第九話 見捨てぬ理由
伊東の間者を斬らずに帰した一件から、さらに半月が過ぎた。
真幸院の境目には、相変わらず不穏な気配が漂っていた。伊東方が大敗の借りを返そうと、小規模な兵を送り込んでは、境目の村々を小突き回すようなことが続いている。義弘は、その対処の多くを義誠に任せるようになっていた。
だが、それを快く思わない者たちも、少なからずいた。
飯野城の一室で、数人の年配の郷士頭が、義弘に膝を進めていた。
「義弘公、恐れながら申し上げます。義誠殿への信頼が篤いことは重々承知しておりますが、あの若さで、これほどの権を任せるのは、いささか性急ではございませぬか」
「木崎原の策も、間者への処し方も、確かに結果は出しておる。だが、あれは人の心を持った将のやることか、と申す者もおりまする」
「味方すら駒として数える者に、命を預けるのは御免だ、という声も……正直、少なからず耳にいたします」
義弘は、しばらく黙って聞いていたが、やがて静かに口を開いた。
「そなたらの懸念、分からぬではない。ならば、良い機会だ。今度の境目の見回り、義誠に任せる組に、蔵人、お主も加われ」
名を呼ばれた古参の郷士、蔵人が、驚いたように顔を上げた。
「儂に、でございますか」
「お主は、義誠のやり方に、最も苦い顔をしておる一人であろう。ならば、その目で見届けてくるがいい。あの男が、本当に人の心を持たぬのかどうかをな」
蔵人は、複雑な表情を浮かべながらも、頭を下げるほかなかった。
その日、義誠は境目の見回りに、十人ほどの郷士を率いて出ていた。その中に、蔵人の姿もあった。木崎原の戦にも出た古参で、あの捨て駒の献策を、誰よりも苦々しく思っている一人だった。

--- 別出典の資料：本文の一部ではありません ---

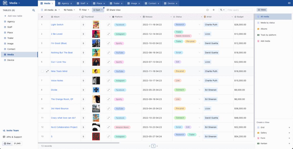 随时可视化数据,支持团队在数据上工作,扩作为数据库混合体Airtable产品的开源替代品。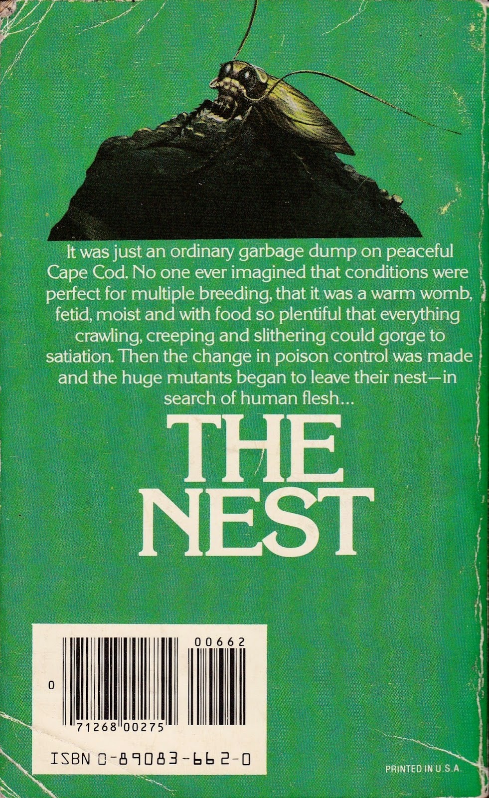 Yep--The Nest is powerhouse pulp horror, written with enthusiasm and tasteless know-how, a creepy-crawly scarefest that assaults the reader with one revolting sensation after another. If everyday roaches are disgusting, six-inch-long roaches with mandibles of chewing death are immeasurably more disgusting! A swarm of mutated cockroaches have somehow "organized" themselves by some unknowable miracle of evolution into a thinking organism, each individual creature a cell in the larger mass. Get used to that wave of shivers across your neck and shoulders, because this writer doesn't skimp on the gory details (like how the insects eat through the victim's eyes into the brain!). All-out over-the-top '80s schlock-horror doesn't get much better.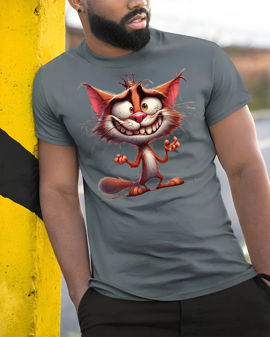 Funny Crazy Cartoon Cat Grin Graphic Cute Character T Shirt
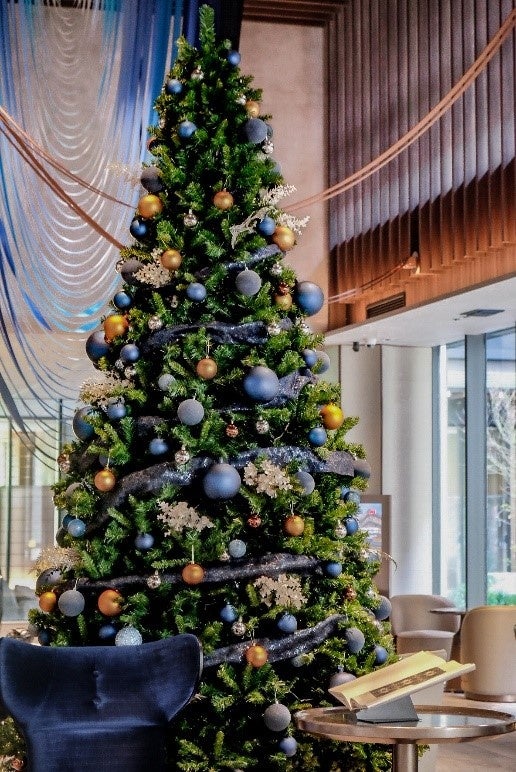 クリスマスは家族や友⼈が集まり、⼼温まる時間を過ごす特別な期間です。デュシタニ京都でのクリスマスツリーが藍⾊・ネイビーブルーで彩っている理由は、この穏やかで温かな時間を内外のお客様に深く感じていただくために選定いたしました。藍色は心の平和と静けさを、ネイビーブルーは信頼と強さを象徴し、これらの⾊は、静かな冬の夜に相応しい⾊調として、ゲストがリラックスし、和やかな気持ちで特別な時を過ごせるようにとの思いを込めております。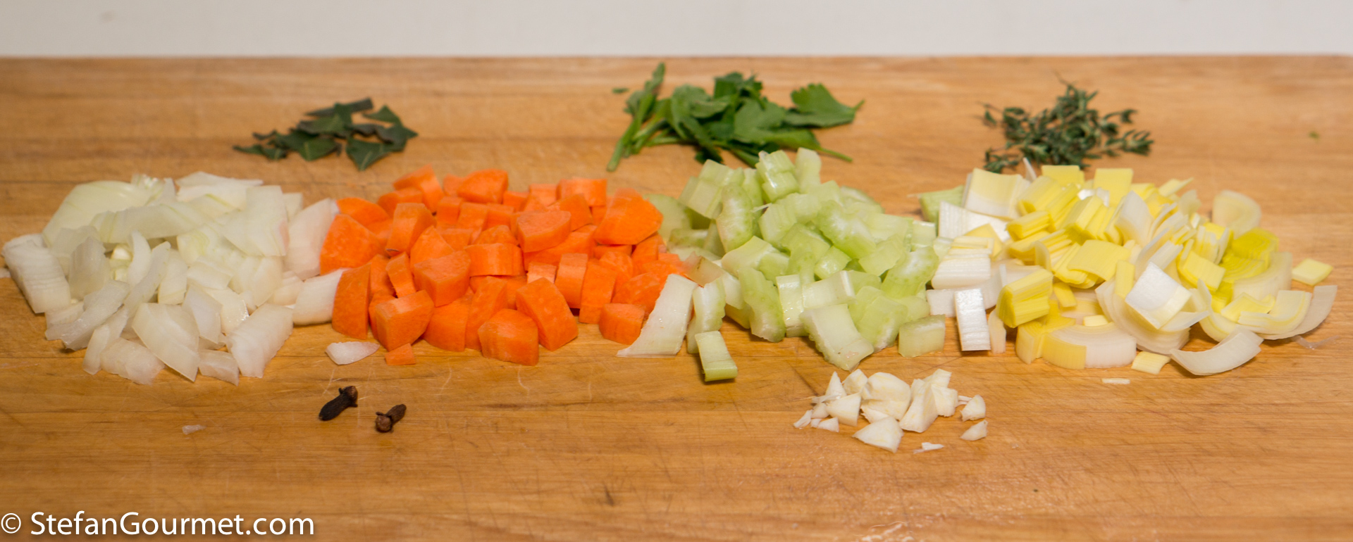 1/2 onion, 1/2 carrot, 1/2 stick celery, 1/2 leek (white part only)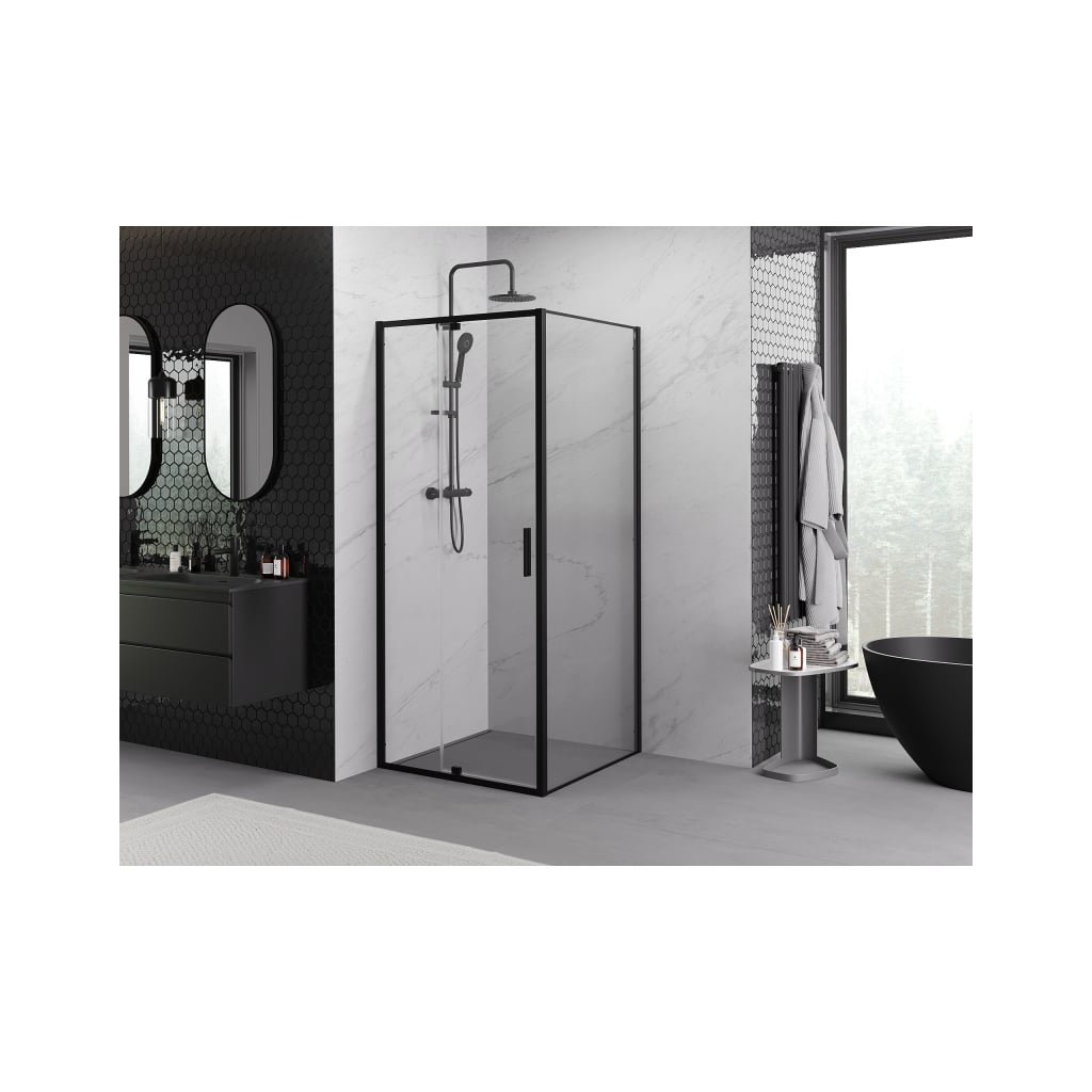 Mexen Exo, sprchovací kút s krídlovými dverami 90 x 90 cm, 6mm číre sklo, čierny profil, 819-090-090-70-00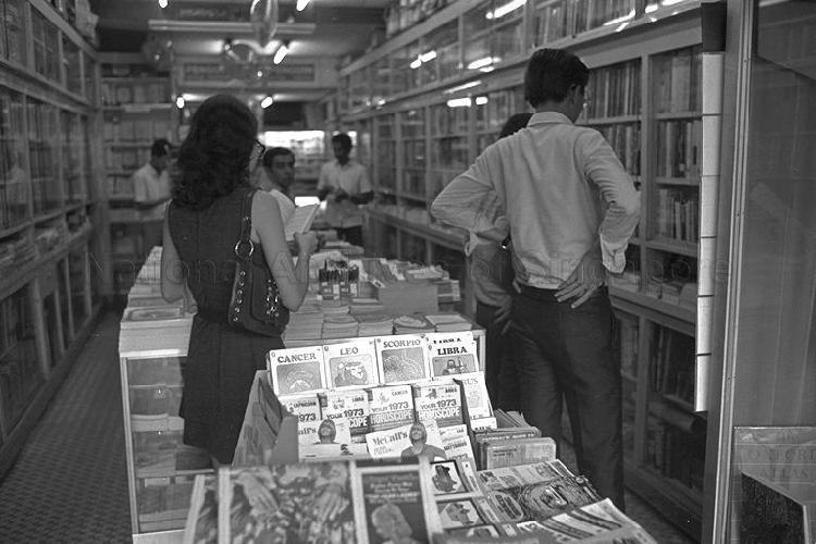 PEOPLE BROWSING THROUGH BOOKS IN A BOOKSHOP ALONG BRAS BASAH ROAD
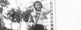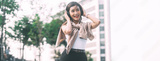 Youth asian woman wear wireless headphone listening music teenager gen z lifestyles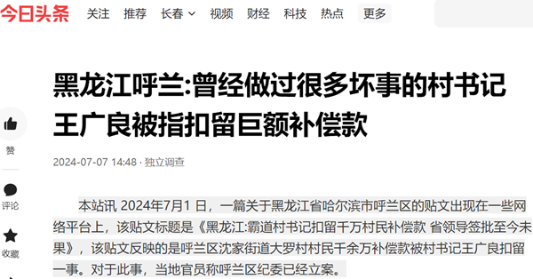 本站讯 2024年7月1 日,一篇关于黑龙江省哈尔滨市呼兰区的贴文出现在一些网络平台上,该贴文标题是《黑龙江:霸道村书记扣留千万村民补偿款 省领导签批至今未果》,该贴文反映的是呼兰区沈家街道大罗村村民千余万补偿款被村书记王广良扣留一事。对于此事,当地官员称呼兰区纪委已经立案。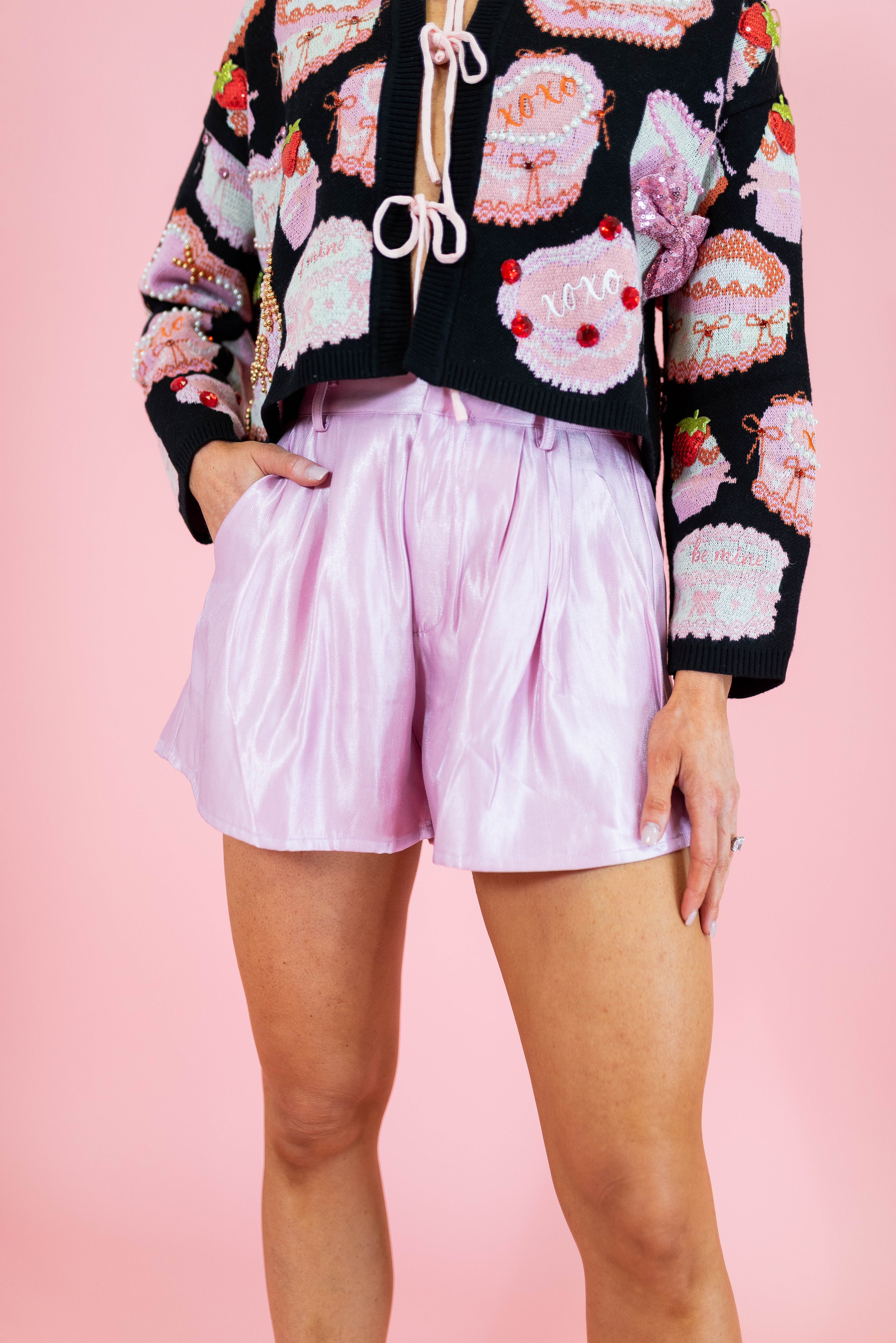 Make a bold impression with these luxe high-waisted shorts that deliver instant sophistication. The lustrous shiny finish commands attention while the precision pleating creates flattering vertical lines that elongate your frame. The romantic light pink shade complements all skin tones and pairs beautifully with neutrals or jewel tones. Invest in shorts that feel as premium as they look, offering endless styling possibilities for the modern woman who refuses to compromise on quality or style.

「この先の谷、伊東の斥候が潜んでいる恐れがある。二手に分かれ、私が率いる組が先に様子を探る」
義誠がそう告げると、蔵人が鼻を鳴らした。
「また、誰かを先に行かせるつもりか。木崎原の時のようにな」
「危うい役目だからこそ、私が先に立つ」
「口ではそう言うが、次に危うい場に立たされるのは、儂らのような下の者だろう」
言葉に棘があった。周りの郷士たちも、気まずそうに目を伏せる。義誠は、それに反論しなかった。反論したところで、蔵人の中にある不信が、すぐに消えるとは思えなかった。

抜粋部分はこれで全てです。